5.6The current position is that national security information can be withheld by the Crown under the doctrine of public interest immunity and not disclosed to the other party in civil proceedings. Under section 27(3) of the Crown Proceedings Act 1950, if the Prime Minister determines that national security information is too prejudicial to disclose, he or she can issue a public interest immunity certificate. Section 27 certificates have only rarely been used. Traditionally, these certificates were treated as decisive. At the same time, there has always been the ability for the court to question the certificate, and perhaps to reject it, and some uncertainty around the level of judicial deference and the role of judges in viewing the underlying material before making their decision.

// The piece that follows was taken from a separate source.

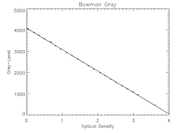 Example: Using Equation 2, a grey level of 2478 maps to an optical density of 1.6045. Looking at the table of measured OD values, we see the a grey level of 2478 mapped to a measured optical density of 1.59. Using the information provided with the Lumisys scanner (Eq. 1), a grey level of 2478 maps to an optical density of 1.617. The small discrepancies can be attributed to some combination of the noise introduced by the digitization process, and the noise in the experimental measurement of the OD function.

5.7The issue has not been squarely before the courts in New Zealand since 1999 when the Court of Appeal decided the case of Choudry v Attorney-General. The Court stated that while “Courts and legislatures have at times seen those areas as non-justiciable, or as barely justiciable, or as requiring judicial deference to ministerial exercises of discretion”, it was also the case that “Courts do not of course always abstain or defer”.64 In Choudry, the Court decided on the facts of that case to defer to the Minister’s certificate. However, since Choudry was before the courts, practice has developed considerably in the United Kingdom. Judges now appear to customarily be given the underlying material as part of the assessment of whether the certificate has been properly made.65 Even more significantly, to properly exercise their role under the Justice and Security Act 2013 (UK), judges in the United Kingdom must have access to the sensitive information. Furthermore, the relevant Civil Procedure Rules (UK)66 require national security information to be served on the court.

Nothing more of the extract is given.